Topic is Sleeping.
hurtandhurting (original poster new member #79036) posted at 2:03 PM on Tuesday, June 29th, 2021
Hello everyone,
Thank you for sharing so openly and being understanding with one another. It's been comforting for me. I am 3-weeks or so post DDay as a W partner (not yet married), we're both in our mid-20s. After several months of online sex work that I absolutely did not enjoy, but that I knowingly did not get consent from my partner to do.
I shared with him, have cut contact with all of the people and platforms I was spending time with, got a new traditional job, and am looking to be in therapy again.
I'm absolutely crushed that I did this to him. Our relationship is a little less than 2 years old. All I think about every day is how I can help to make this better for him and how I can possibly atone for myself.

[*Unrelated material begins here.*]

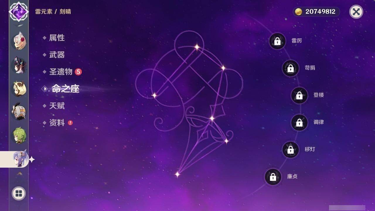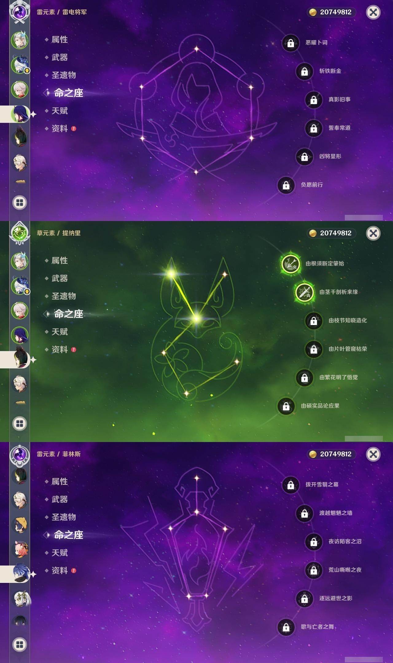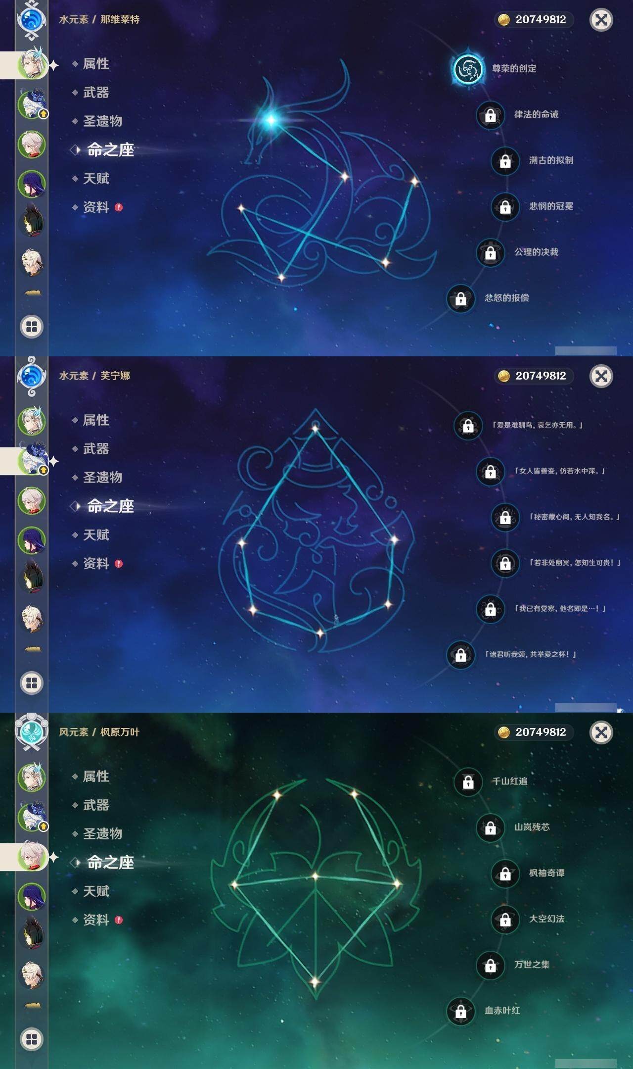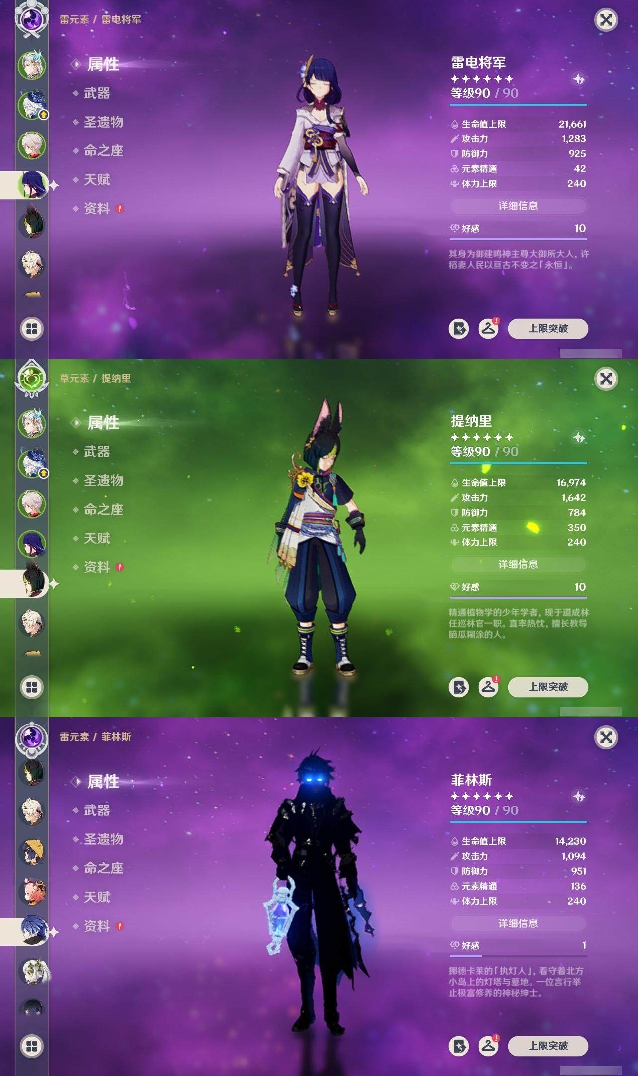 59级/31黄/男主/16个五星角色/3个五星武器 0命芙宁娜1命那维莱特0命纳西妲0命赛诺2命提纳里0命夜兰0命神里绫人0命雷电将军0命枫原万叶0命刻晴3命七七2命琴0命莫娜3命迪卢克0命玛薇卡0命菲林斯精1最初的大魔术精1阿莫斯之弓精2风鹰剑

I've always been more of the messed up one in our relationship- he's pretty healthy and happy, meanwhile I've had my issues with substance abuse, eating disorders, depression and attempts, and now SLAA. I've always wondered and even asked him if it would be easier to be with someone "normal". Now I think that is completely true.
I feel like I owe him so, so much to even begin to make up for what I've done to him, and I plan on doing that, if he lets me. I don't even expect to be in a relationship anymore, but if he still needs me there to process, do the work, and hold myself accountable to him, I'll do it for as long as he needs.
I'm studying to be in a helping profession, where I will care for others and counsel them, and I can't believe the way I've just harmed someone. It scares and disgusts me. I've never known myself to be capable of serious harm like this.
It's really hard for me not to sink into my vices- abusing substances, not eating, withdrawing, all as punishment and simply because I can't bring myself to enjoy life anymore. But I'm going to do my best to get through it and be strong because my B needs it and it's what he deserves.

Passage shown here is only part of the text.